Problem to solve:
Copy the final lines exactly, starting at the one that contains "Cuadros redondos Una chica" and ending with the last line of the listing below. Pictures are not part of the copy.

Data segment:
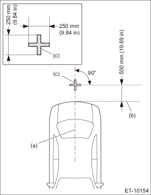 1. Park the vehicle at a level place where there are enough area at the rear of the vehicle. 2. Attach the tape as the target point for standard at the floor rearward of the vehicle as shown in the figure below. NOTE: Standard tape width is about 30 — 50 mm (1.18 — 1.97 in) and brilliant color shall be used.
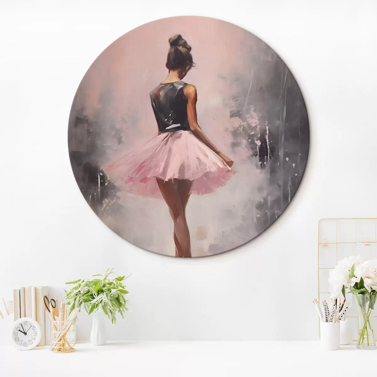 Cuadros redondos Una chica con falda rosa r43204
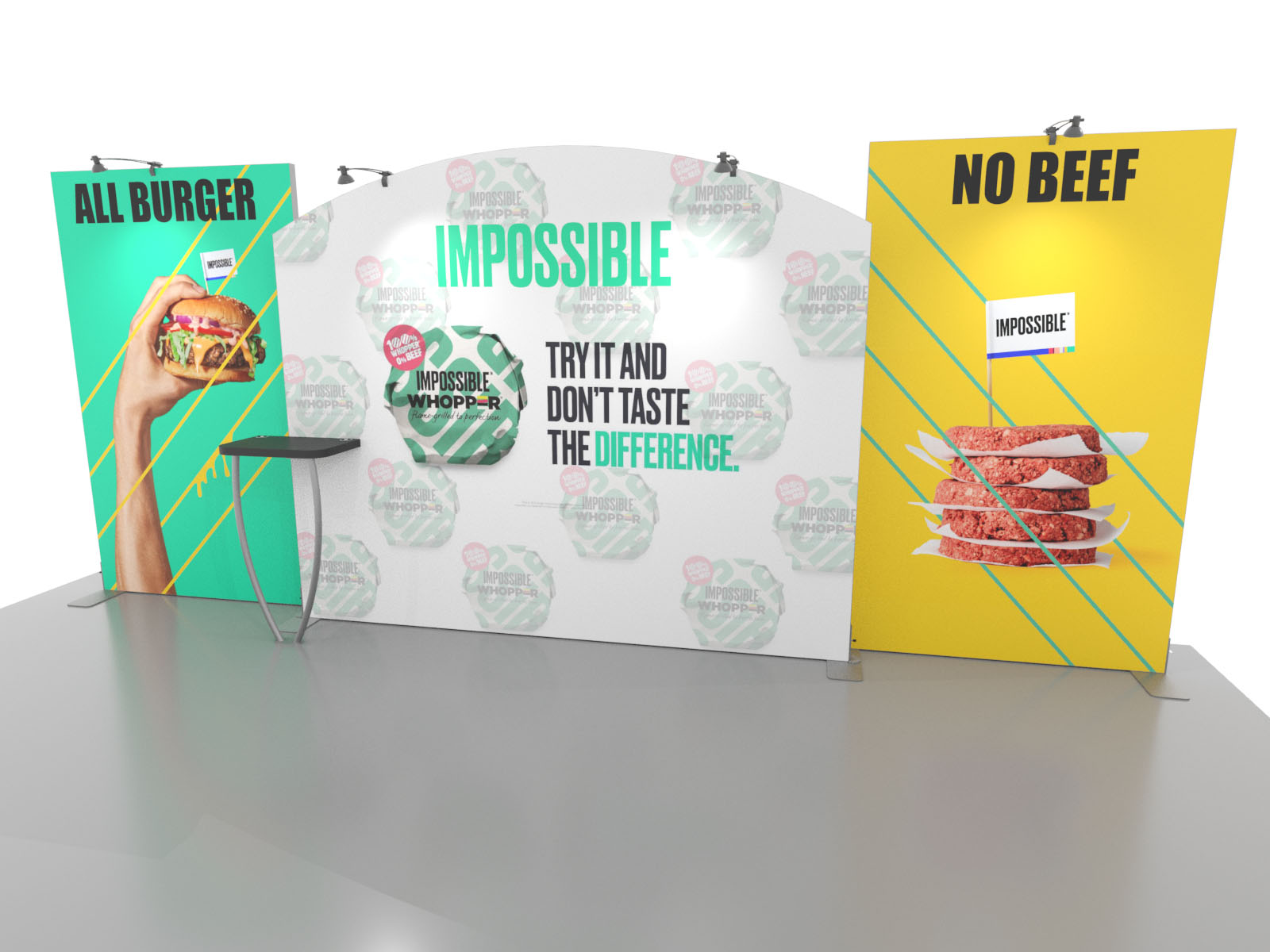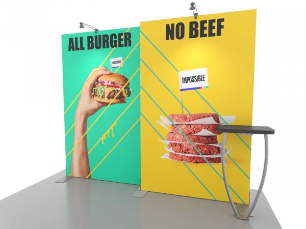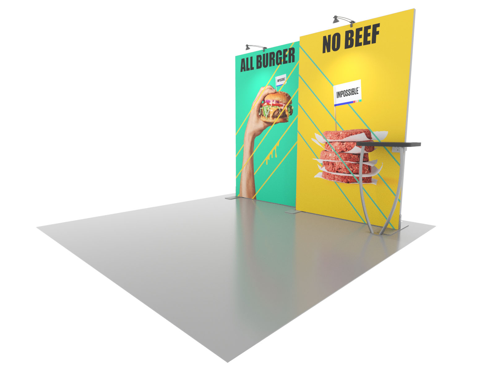 Personalize your Symphony Display with attractive counters, workstations, floating graphics, iPad clamshells, and monitor mounts. The lightweight aluminum frames are engineered for SEG dye-sublimated fabric graphics for a seamless, wrinkle-free look. Add floating graphics for additional visual layering and branding.
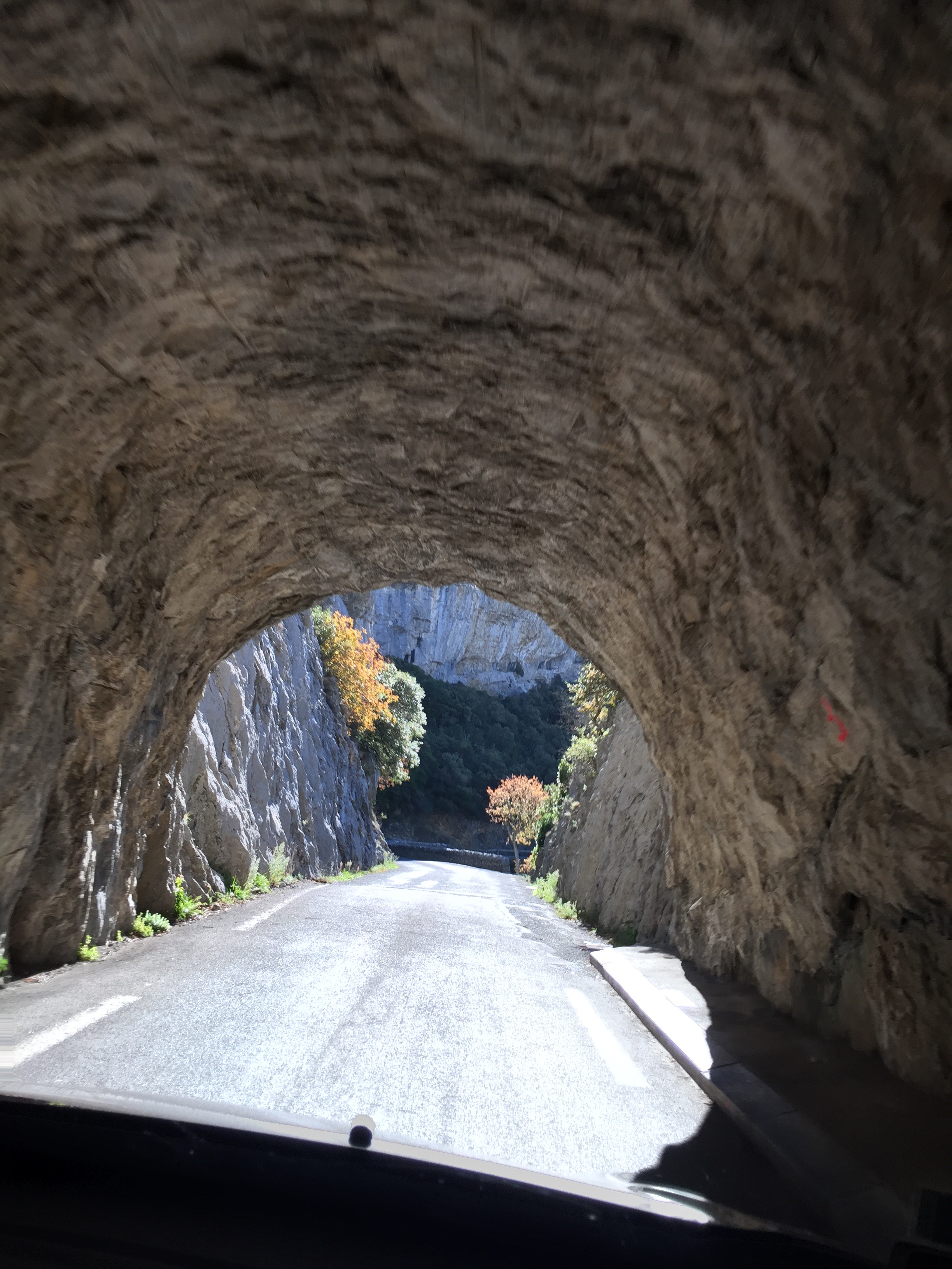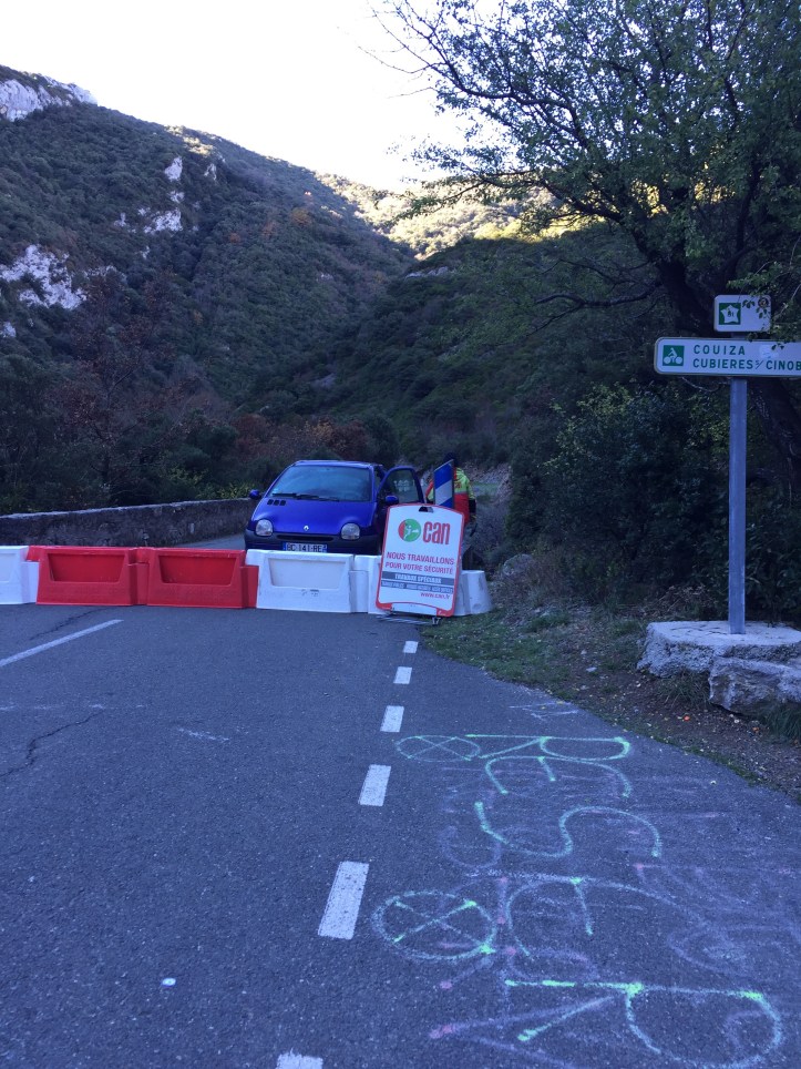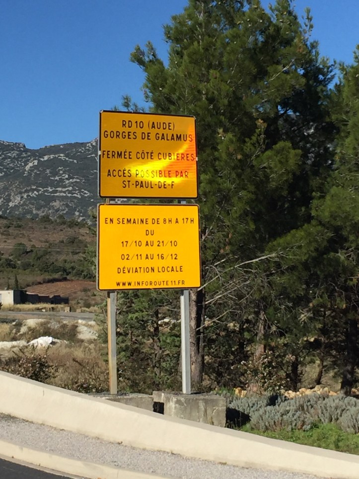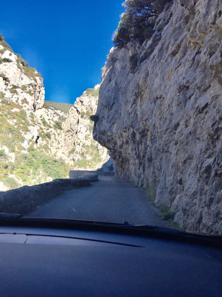 The next part of the journey was through the narrow gorge to a village called Cubières-sur-Cinoble. We had planned on having lunch there. This road is so narrow that in the high season they have traffic lights to guide the traffic safely through – taking turns in each direction.

Written answer:
 Cuadros redondos Una chica con falda rosa r43204
 Personalize your Symphony Display with attractive counters, workstations, floating graphics, iPad clamshells, and monitor mounts. The lightweight aluminum frames are engineered for SEG dye-sublimated fabric graphics for a seamless, wrinkle-free look. Add floating graphics for additional visual layering and branding.
 The next part of the journey was through the narrow gorge to a village called Cubières-sur-Cinoble. We had planned on having lunch there. This road is so narrow that in the high season they have traffic lights to guide the traffic safely through – taking turns in each direction.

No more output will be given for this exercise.